TASK DATA START

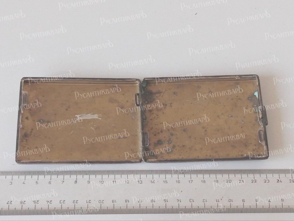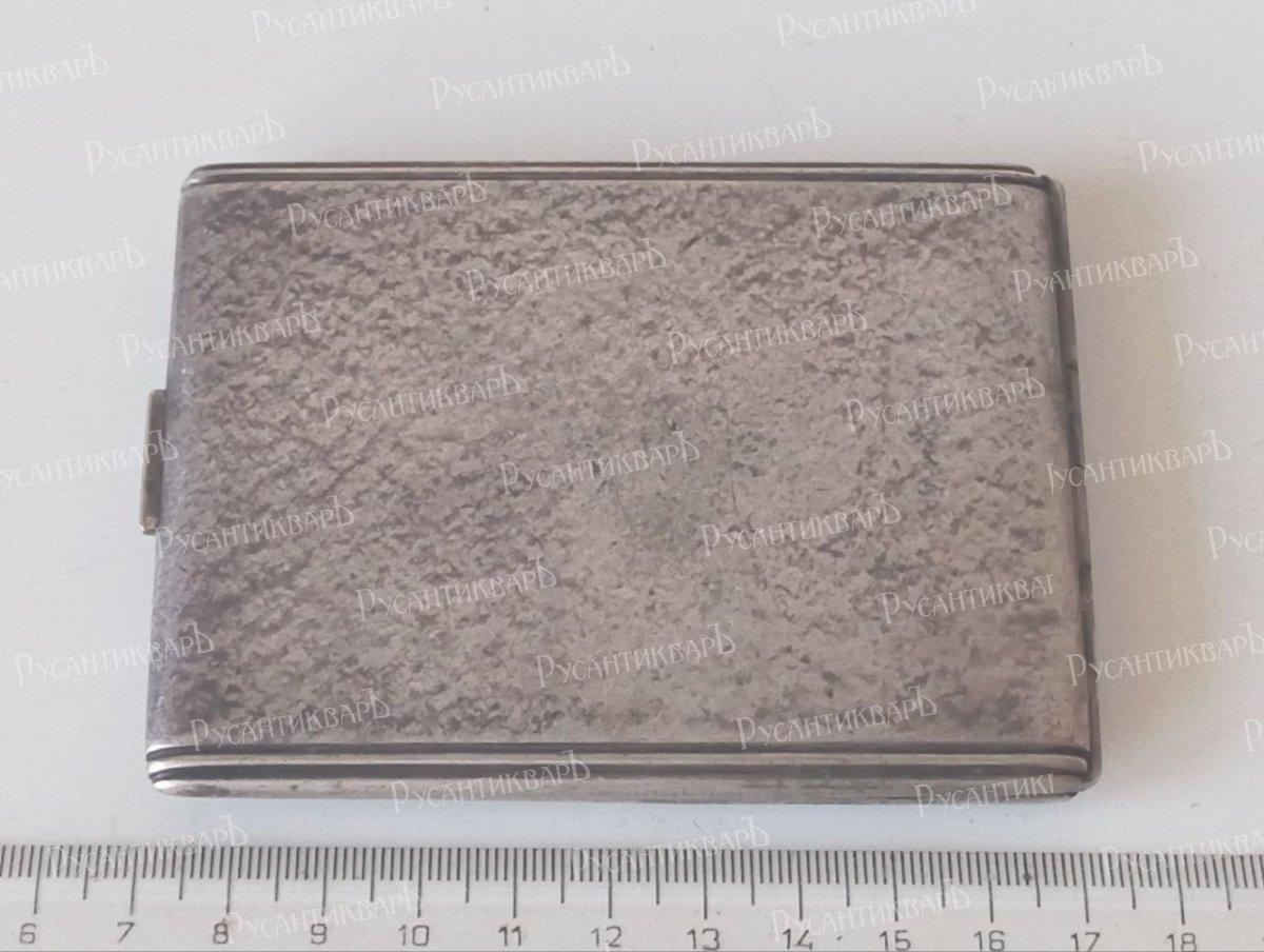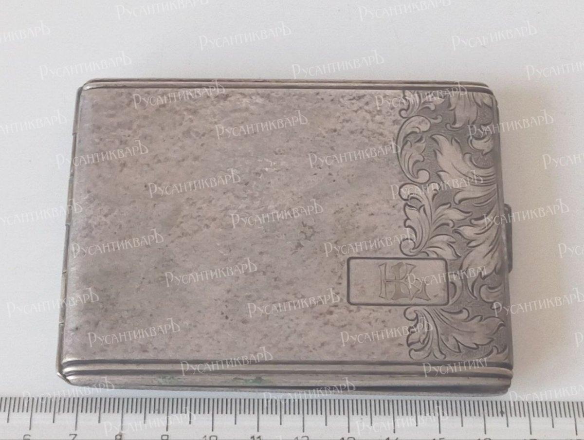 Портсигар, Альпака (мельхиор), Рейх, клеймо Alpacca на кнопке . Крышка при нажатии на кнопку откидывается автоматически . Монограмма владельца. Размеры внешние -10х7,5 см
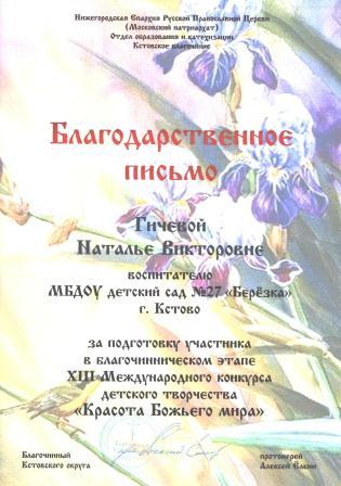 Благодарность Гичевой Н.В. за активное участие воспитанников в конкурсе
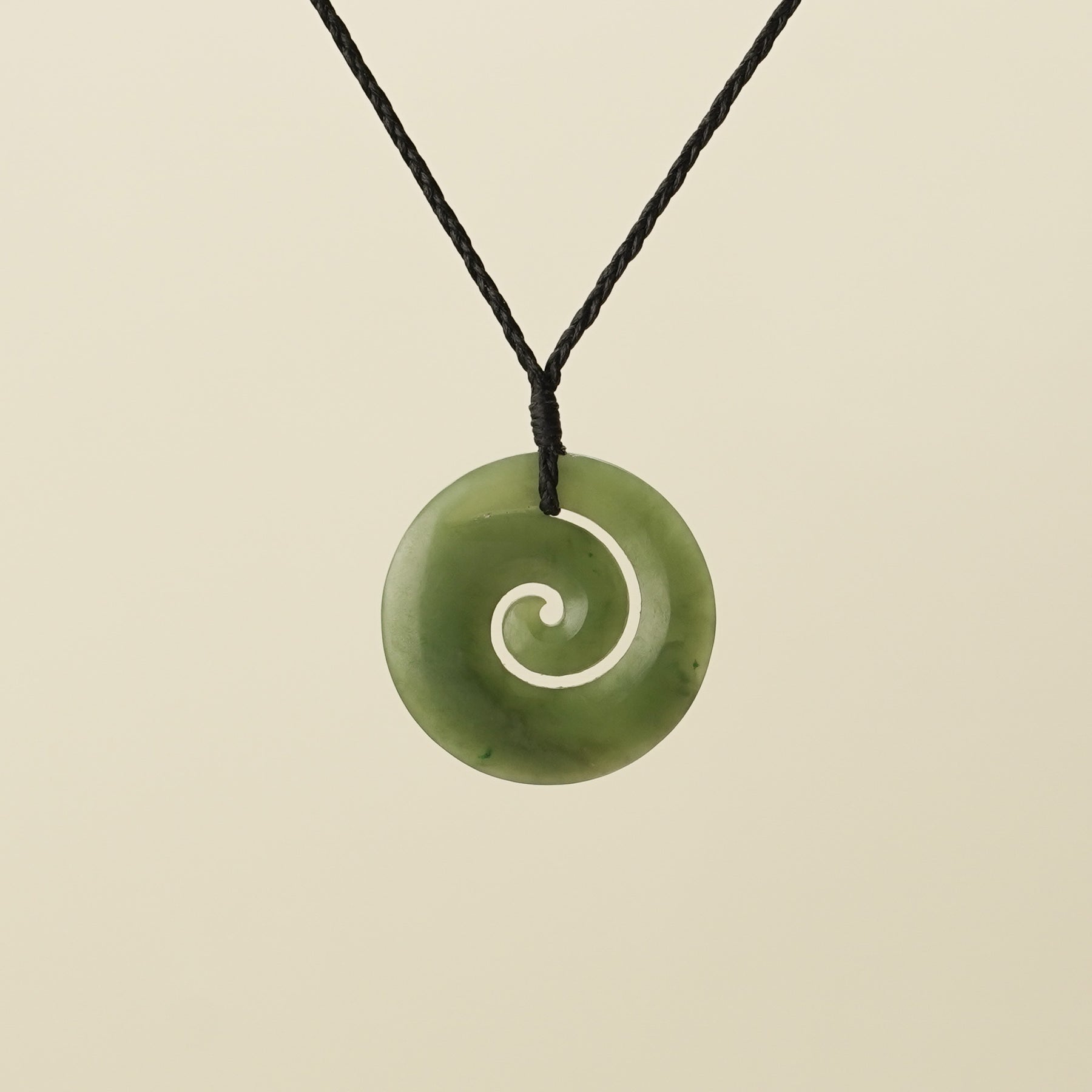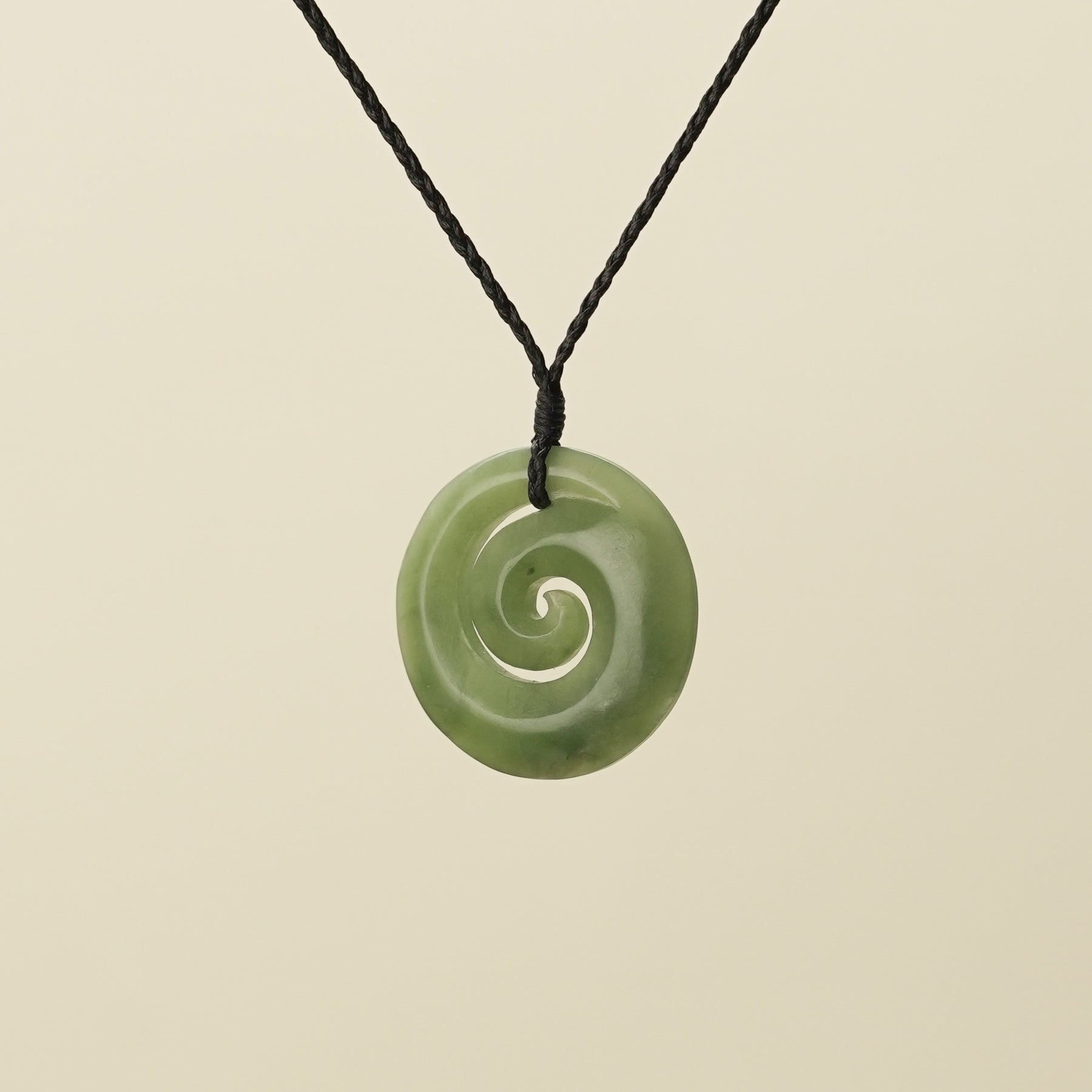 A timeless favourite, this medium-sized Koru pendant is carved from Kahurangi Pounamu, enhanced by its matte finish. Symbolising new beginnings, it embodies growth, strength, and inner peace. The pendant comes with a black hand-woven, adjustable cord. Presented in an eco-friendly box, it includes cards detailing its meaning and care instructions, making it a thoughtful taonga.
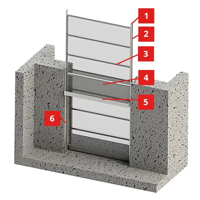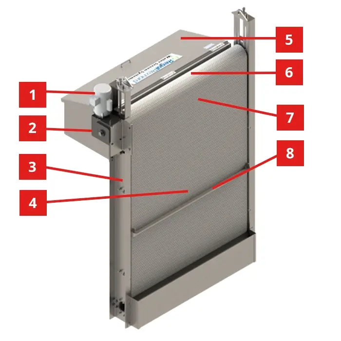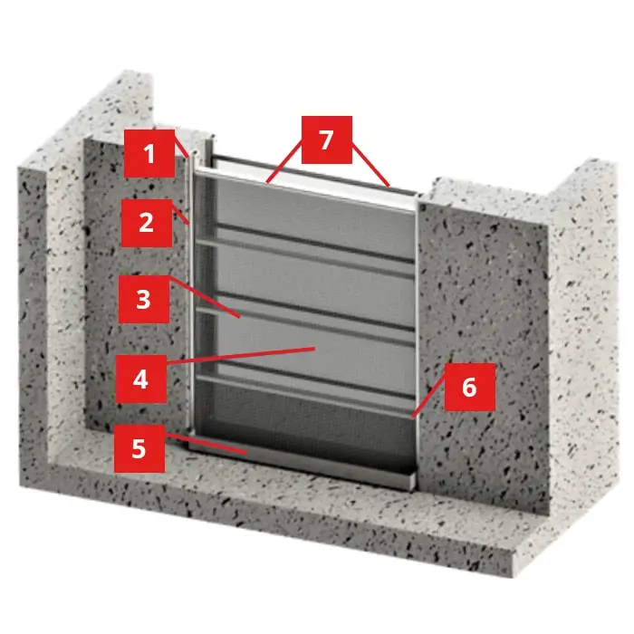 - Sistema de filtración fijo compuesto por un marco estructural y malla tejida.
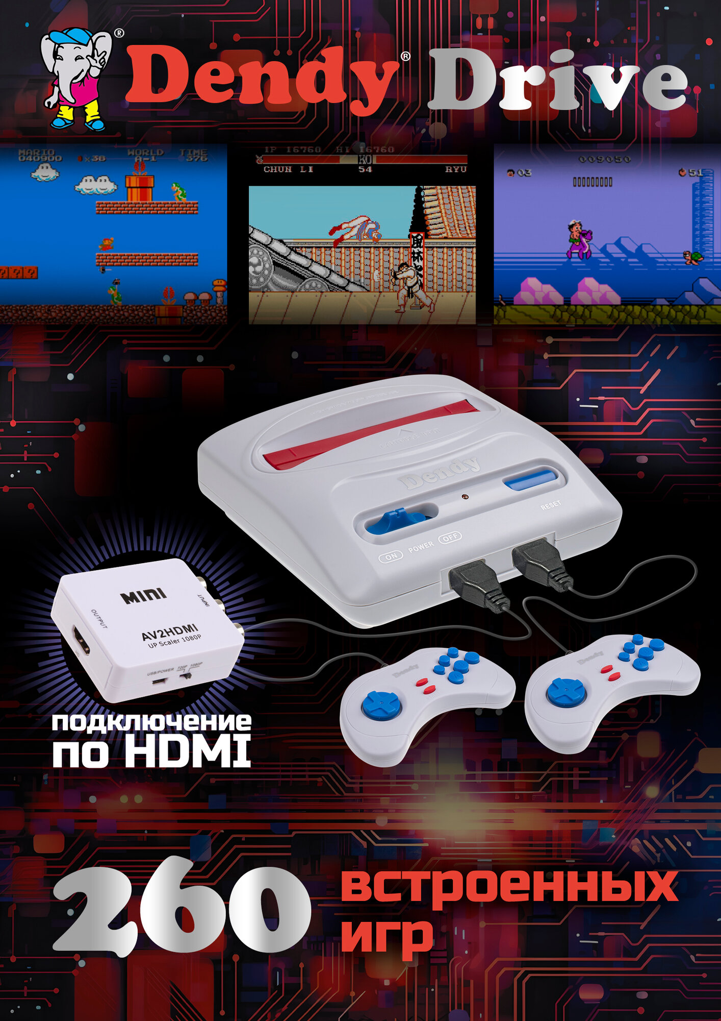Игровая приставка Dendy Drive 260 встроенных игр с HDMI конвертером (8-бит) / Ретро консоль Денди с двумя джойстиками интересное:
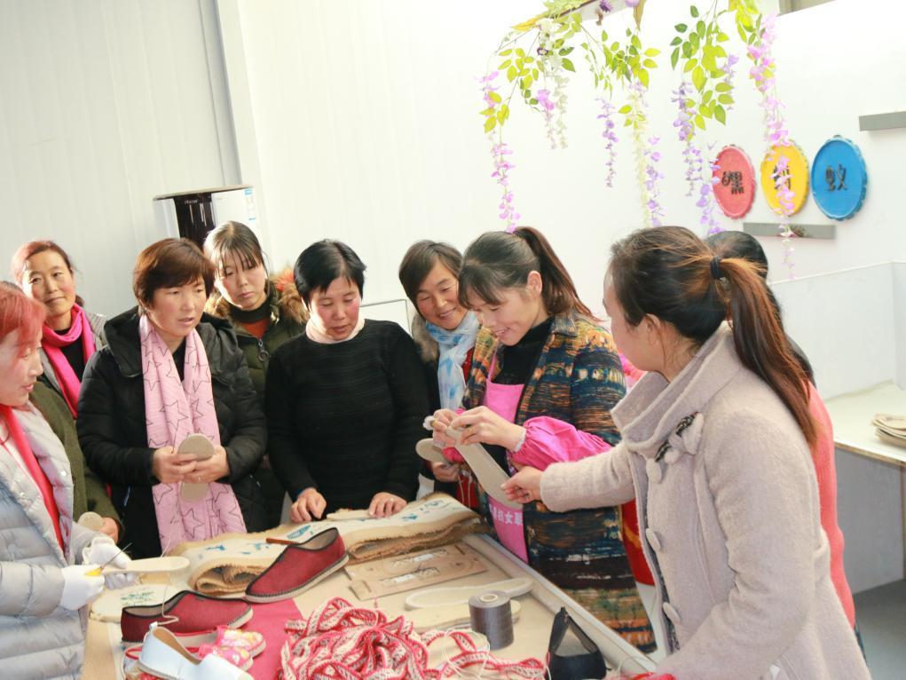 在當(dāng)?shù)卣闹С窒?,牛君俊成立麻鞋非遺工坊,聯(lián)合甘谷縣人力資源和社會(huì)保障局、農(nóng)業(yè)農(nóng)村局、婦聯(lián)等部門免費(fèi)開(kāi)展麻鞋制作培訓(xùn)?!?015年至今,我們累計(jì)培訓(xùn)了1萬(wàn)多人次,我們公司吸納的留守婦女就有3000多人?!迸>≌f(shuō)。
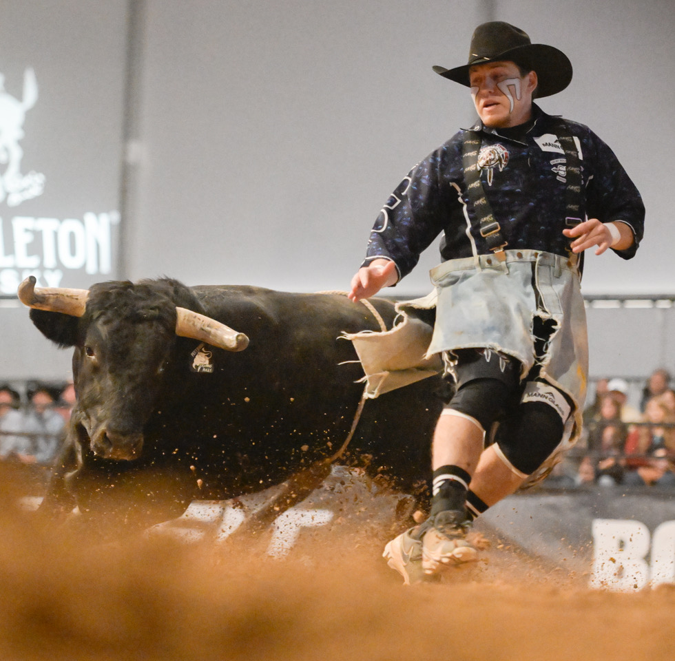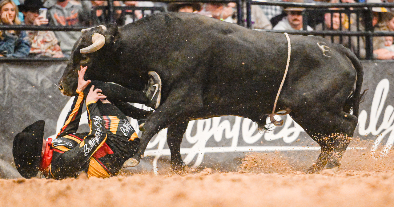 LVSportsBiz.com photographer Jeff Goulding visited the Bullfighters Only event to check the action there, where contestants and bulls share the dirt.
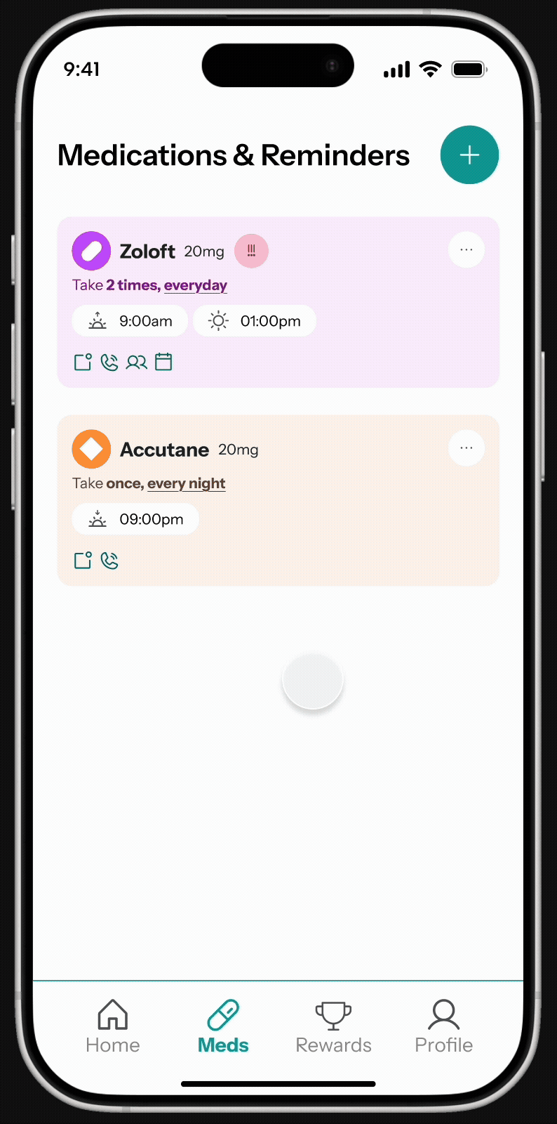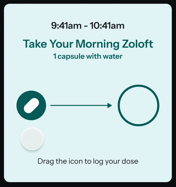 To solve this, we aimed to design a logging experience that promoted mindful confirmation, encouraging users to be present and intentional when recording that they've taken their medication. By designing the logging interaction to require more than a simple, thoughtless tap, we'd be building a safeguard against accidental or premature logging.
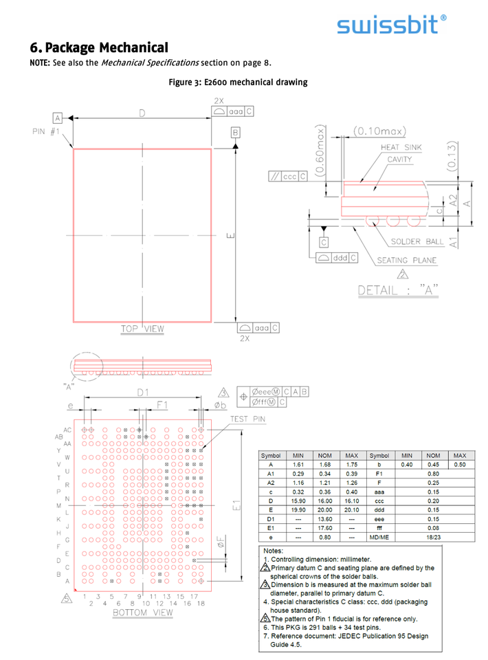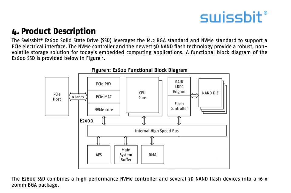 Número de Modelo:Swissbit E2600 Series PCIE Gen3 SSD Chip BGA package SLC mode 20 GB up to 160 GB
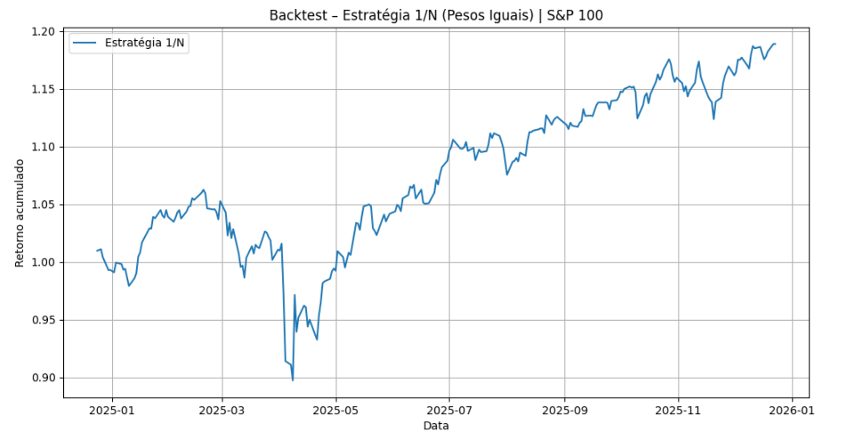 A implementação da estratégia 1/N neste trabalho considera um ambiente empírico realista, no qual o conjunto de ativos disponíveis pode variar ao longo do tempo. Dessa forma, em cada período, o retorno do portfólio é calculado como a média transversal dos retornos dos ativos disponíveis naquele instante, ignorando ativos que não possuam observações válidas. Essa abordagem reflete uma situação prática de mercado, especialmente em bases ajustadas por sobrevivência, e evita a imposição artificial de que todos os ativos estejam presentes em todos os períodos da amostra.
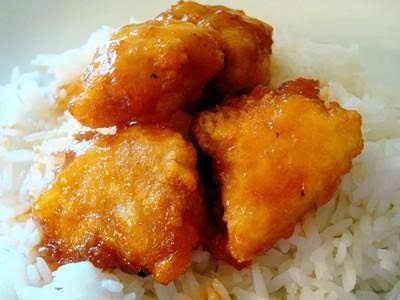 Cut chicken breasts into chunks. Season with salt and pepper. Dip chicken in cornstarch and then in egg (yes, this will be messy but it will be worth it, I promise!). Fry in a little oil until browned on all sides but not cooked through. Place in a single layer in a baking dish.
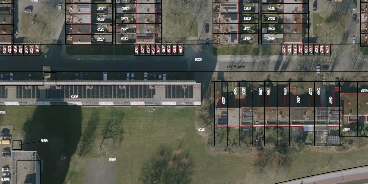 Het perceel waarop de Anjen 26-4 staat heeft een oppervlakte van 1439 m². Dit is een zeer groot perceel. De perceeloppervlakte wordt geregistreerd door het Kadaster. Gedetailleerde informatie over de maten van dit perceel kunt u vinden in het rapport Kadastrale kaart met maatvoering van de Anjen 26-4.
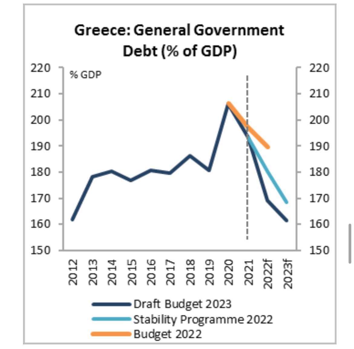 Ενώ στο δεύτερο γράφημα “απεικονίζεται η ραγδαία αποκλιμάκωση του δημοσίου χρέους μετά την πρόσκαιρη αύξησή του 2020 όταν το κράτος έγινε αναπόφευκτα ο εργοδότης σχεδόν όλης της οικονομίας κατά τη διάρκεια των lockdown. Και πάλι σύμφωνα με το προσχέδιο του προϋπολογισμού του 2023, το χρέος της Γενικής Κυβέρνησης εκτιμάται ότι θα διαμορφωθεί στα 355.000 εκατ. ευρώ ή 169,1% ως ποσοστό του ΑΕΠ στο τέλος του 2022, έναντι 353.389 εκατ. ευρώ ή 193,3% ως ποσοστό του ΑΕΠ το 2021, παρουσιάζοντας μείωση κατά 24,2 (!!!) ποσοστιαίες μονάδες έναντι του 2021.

TASK DATA END

### ABOUT THIS TASK
Repeat the exact lines from the first line of the data through the line containing "Благодарность Гичевой Н.В.". Nothing else, no pictures.

### RESULT
 Портсигар, Альпака (мельхиор), Рейх, клеймо Alpacca на кнопке . Крышка при нажатии на кнопку откидывается автоматически . Монограмма владельца. Размеры внешние -10х7,5 см
 Благодарность Гичевой Н.В. за активное участие воспитанников в конкурсе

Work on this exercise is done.